*What to do*.
Omit the pictures and retype only the lines from the one containing "This bingo card" through the end of the listing, both ends included.

*Raw data*.
▽

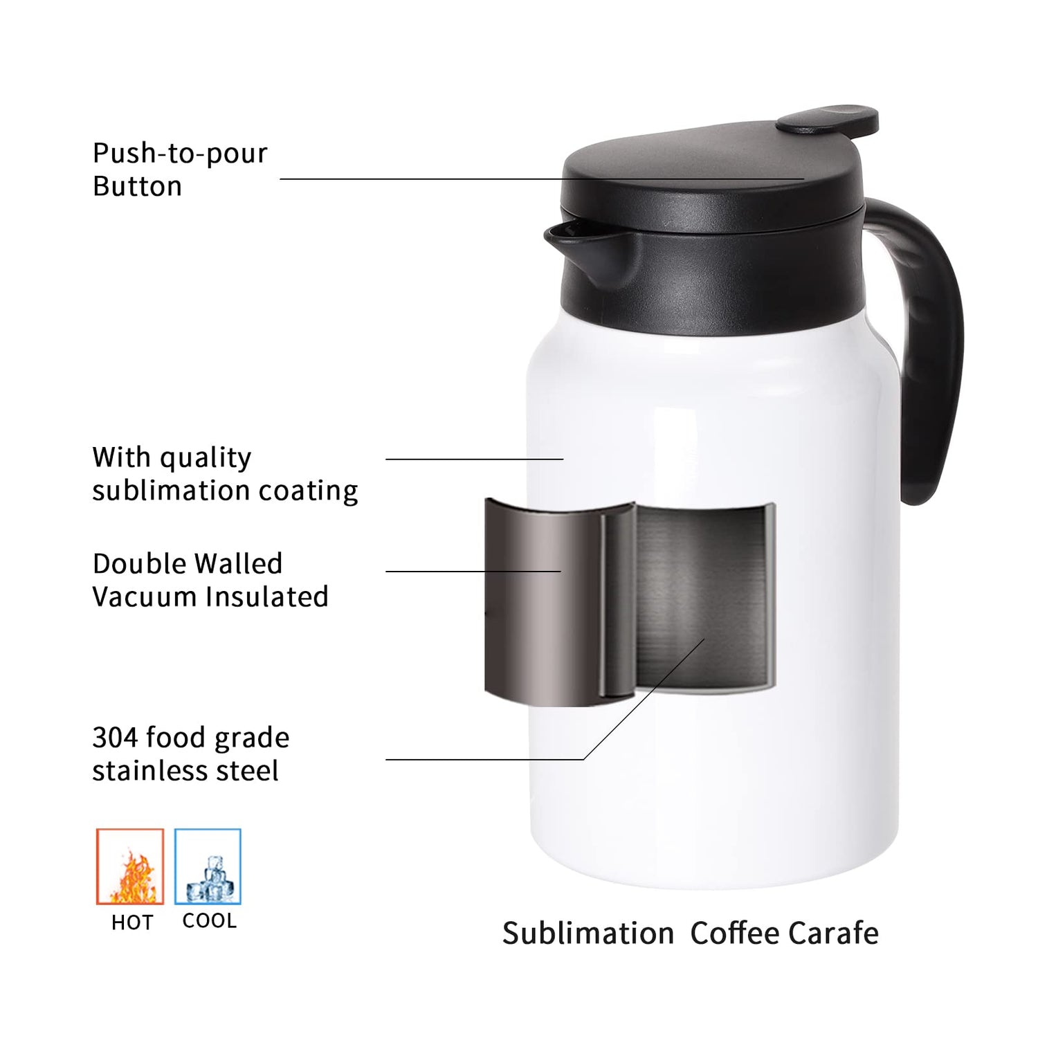 • Perfectly Customized Gifts:The sublimation coffee carafe is very nice as the gifts for your friends,family,and you can sublimate ANY designs you want.
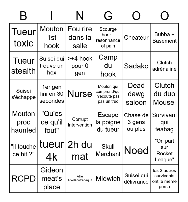 This bingo card has 36 words: Skull Merchant, 2h du mat, Midwich, Tueur stealth, Mouton proc haunted, Mouton qui comprend/qui n'écoute pas pas un truc, Suisei qui trouve un hex, Allié Afk/déco/ragequit, Cheateur, Noed, Clutch adrénaline, Scourge hook : resonnance of pain, "On part sur Rocket League", 1er gen fini en 30 secondes, Camp du hook, Tueur toxic, "il touche ce hit ?", Dead dawg saloon, Suisei s'échappe, Fou rire dans la salle, Nurse, "Qu'es ce qu'il fout", Escape la poigne du tueur, Corrupt Intervention, Chase de 3 gens ou plus, Mouton 1st hook, Sadako, Gideon meat's place, >+4 hook pour 0 gen, Bubba + Basement, les 2 autres survivants ont le même perso, RCPD, Survivant qui teabag, Clutch du duo Mousei, tueur 4k and Suisei qui délivrance.
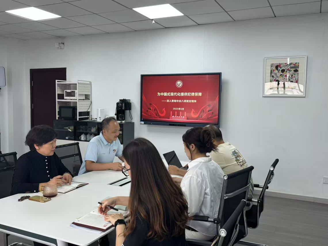 2025 年 6 月 23 日,公司党总支书记李勇担任主讲人,以《为中国式现代化提供纪律保障 —— 深入贯彻中央八项规定精神》为题,为公司党政领导班子以及支部全体党员讲授了专题党课。

△

*Solution*.
 This bingo card has 36 words: Skull Merchant, 2h du mat, Midwich, Tueur stealth, Mouton proc haunted, Mouton qui comprend/qui n'écoute pas pas un truc, Suisei qui trouve un hex, Allié Afk/déco/ragequit, Cheateur, Noed, Clutch adrénaline, Scourge hook : resonnance of pain, "On part sur Rocket League", 1er gen fini en 30 secondes, Camp du hook, Tueur toxic, "il touche ce hit ?", Dead dawg saloon, Suisei s'échappe, Fou rire dans la salle, Nurse, "Qu'es ce qu'il fout", Escape la poigne du tueur, Corrupt Intervention, Chase de 3 gens ou plus, Mouton 1st hook, Sadako, Gideon meat's place, >+4 hook pour 0 gen, Bubba + Basement, les 2 autres survivants ont le même perso, RCPD, Survivant qui teabag, Clutch du duo Mousei, tueur 4k and Suisei qui délivrance.
 2025 年 6 月 23 日,公司党总支书记李勇担任主讲人,以《为中国式现代化提供纪律保障 —— 深入贯彻中央八项规定精神》为题,为公司党政领导班子以及支部全体党员讲授了专题党课。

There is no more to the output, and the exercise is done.